Too much anger, the teacher said. Last year we heard about ugly confrontations at Wal-Marts, restaurants, and elsewhere between customers and employees. A security guard was killed at a Michigan store when he tried to enforce the mask rule. The fight then moved to school boards, defenders of mandates versus anti-maskers, anti-vaxxers.
The pandemic hangs on, thanks in great share to McMasters, Lee in Tennessee, Reeves in Mississippi, DeSantis in Florida, and so on, and the legislators who support them. They tapdance around a notion of “liberty” and “personal responsibility” that enthralls folks who think they recall hearing somewhere that “liberty” or “freedom” mean their personal priorities come ahead of others’ rights. That is, self outweighs community. People who think this way are those who believe someone, President Biden, the CDC, the state health department, is trying to force them to get vaccinated. And where do they get off trying to take away our freedom?
We’ve been given a front-row seat on a national tragedy: the failure of millions of Americans to learn, in school or at home, a fundamental principle that must govern civilized society: that liberty, if it exists, implies correlative obligations. I am “free” only insofar as my freedom to choose how I live doesn’t impinge on or endanger the welfare of others. Another flavor is “conscience,” the idea that if I believe in my heart that I don’t want to get vaccinated, I get a pass to risk endangering others.
We can only guess how deeply this failure of elementary civics education afflicts America. Covid has brought it into high relief. The virulent transmissibility of the covid virus endangers any unvaccinated person who comes in contact with it. We’ve surpassed by a hundred thousand the 1918-1920 Spanish influenza toll of 675,000 Americans.
Nationwide, the mask thing is pretty much over with, except at doctor’s offices, hospitals, airports, and aboard planes. In the Northeast, where upwards of 70 percent have been vaccinated, people are beginning to feel safe. In the South and elsewhere it’s a different story. Mask mandates for schoolchildren, meant to protect the kids, rile the folks who still think Trump won the election.

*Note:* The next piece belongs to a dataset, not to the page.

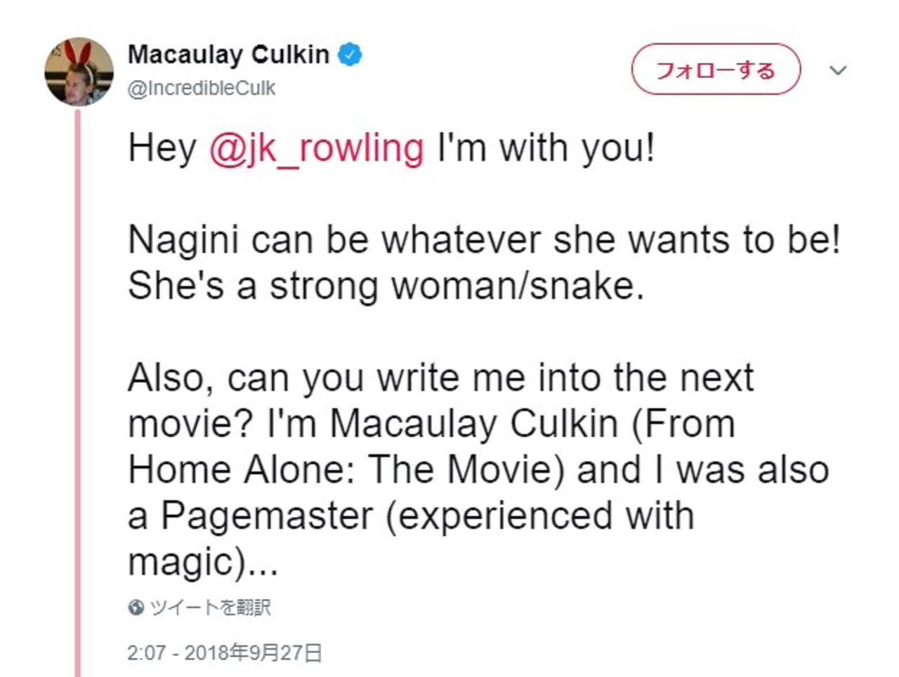 映画ホーム・アローン』などで知られる俳優のマコーレー・カルキンが、『ハリー・ポッター』(以下『ハリポタ』)シリーズへの出演を原作者であるJ・K・ローリングにツイッターを通じて直談判した。
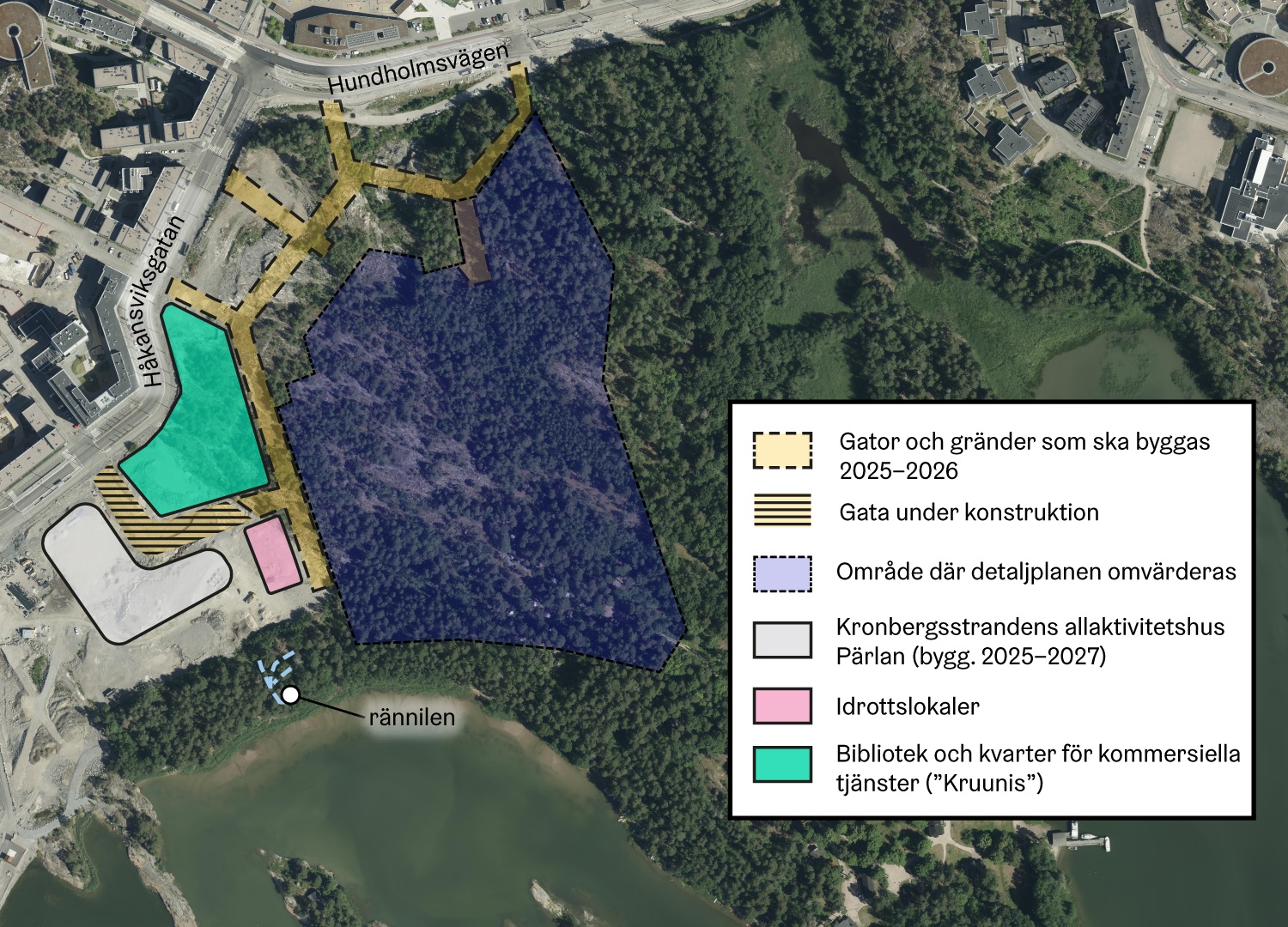 Under byggarbetena som inleds på våren bygger man fem nya gator och kommunalteknik i Kronbergsstranden. Arbetena inleds på vårvintern med röjning och trädfällning, eftersom en del av gatorna sträcker sig till kanten av ett skogsområde.

The “masks required” signs are gone. A store in Brevard, N.C., offers a 5 percent discount for either wearing masks or showing proof of vaccination. But the public is done with masks. I’ve noticed, when I’m wearing a mask, people look at me strangely. The numbers of vaccinations are growing, but painfully slowly. The docs advise that unvaccinated people still should wear them.
But the unvaccinated are not wearing them. They’re not wearing them because they don’t believe the scientists, the epidemiologists who have studied viruses and their pathologies for years—for decades, some of them. The Grundy folks aren’t shy with their opinions: they don’t trust the vaccine, it was rushed, it’s the Democrats and Biden. I ask: we know where Fauci and NIH head Francis Collins went to college. Where did you get your medical degree?
The Founding Fathers demanded liberty from King George, Jefferson wrote about it in the Declaration, the Constitution safeguards it, our servicemen and women stand guard worldwide to defend it. How did it mutate into willingness to risk infecting others with a deadly disease?
Sandy is set for her booster on Thursday, and hopes the line won’t be too long. Maybe the guy ahead of me will show up again. Maybe he’ll bring his friends. Maybe those Grundy County folks, and their friends in this town, will figure out why those scientists tell them to get vaccinated. And get over the anger.